When you write out the listing, keep every word as it stands and drop the pictures.

#### Data extract
Content starts
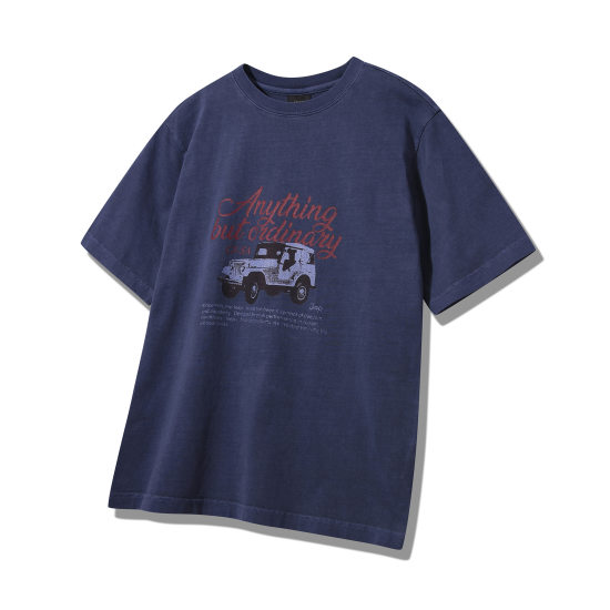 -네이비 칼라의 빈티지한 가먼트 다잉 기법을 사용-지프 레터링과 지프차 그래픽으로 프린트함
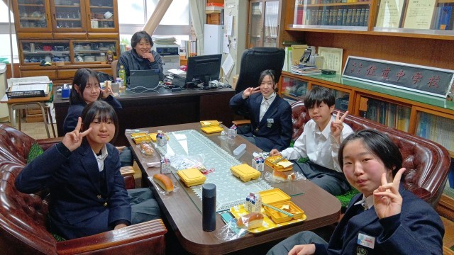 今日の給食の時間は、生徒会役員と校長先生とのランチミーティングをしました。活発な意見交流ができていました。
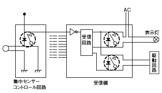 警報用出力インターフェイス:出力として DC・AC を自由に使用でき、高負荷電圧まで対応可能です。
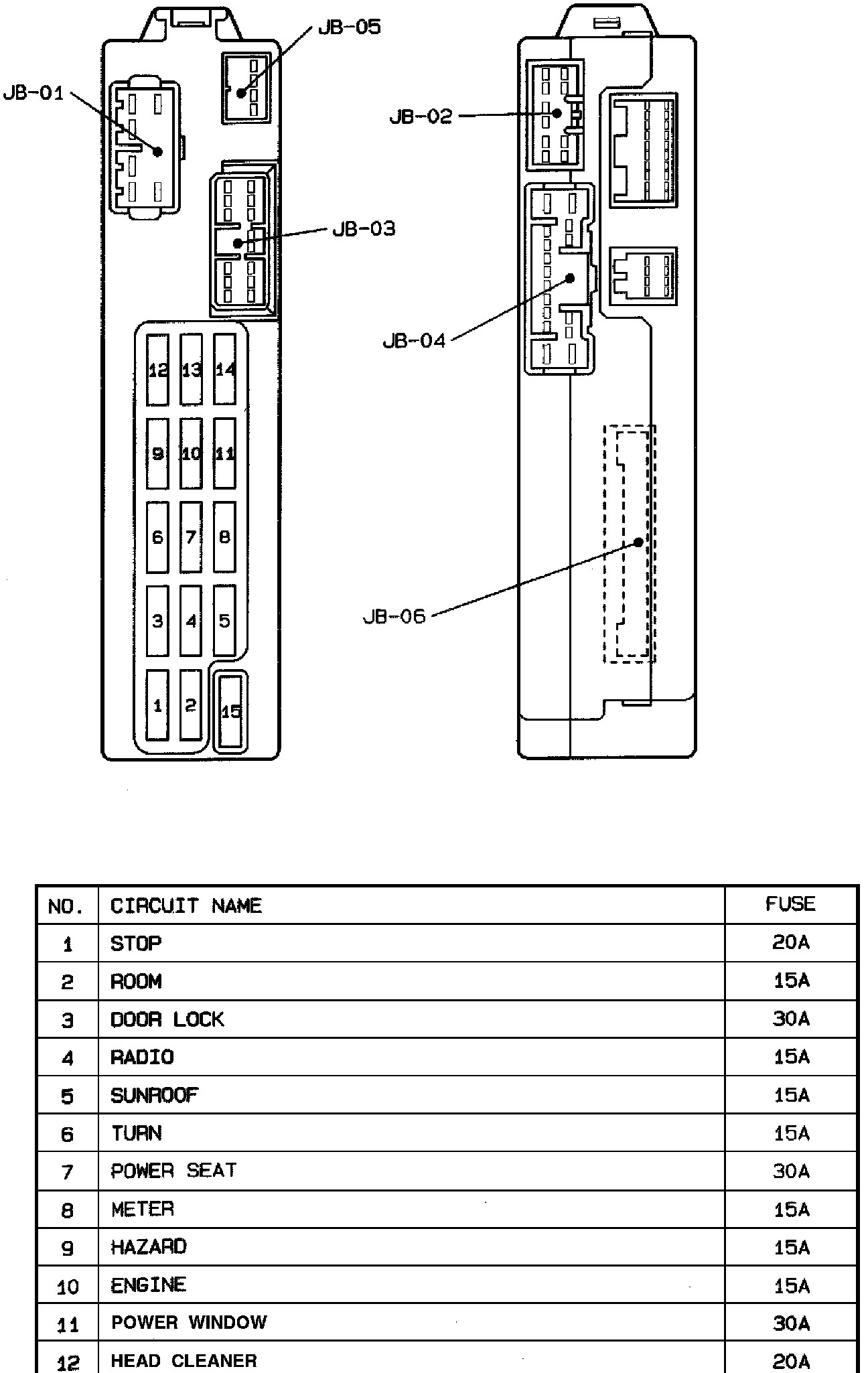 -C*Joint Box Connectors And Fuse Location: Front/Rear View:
Content ends
#### Response below
 -네이비 칼라의 빈티지한 가먼트 다잉 기법을 사용-지프 레터링과 지프차 그래픽으로 프린트함
 今日の給食の時間は、生徒会役員と校長先生とのランチミーティングをしました。活発な意見交流ができていました。
 警報用出力インターフェイス:出力として DC・AC を自由に使用でき、高負荷電圧まで対応可能です。
 -C*Joint Box Connectors And Fuse Location: Front/Rear View:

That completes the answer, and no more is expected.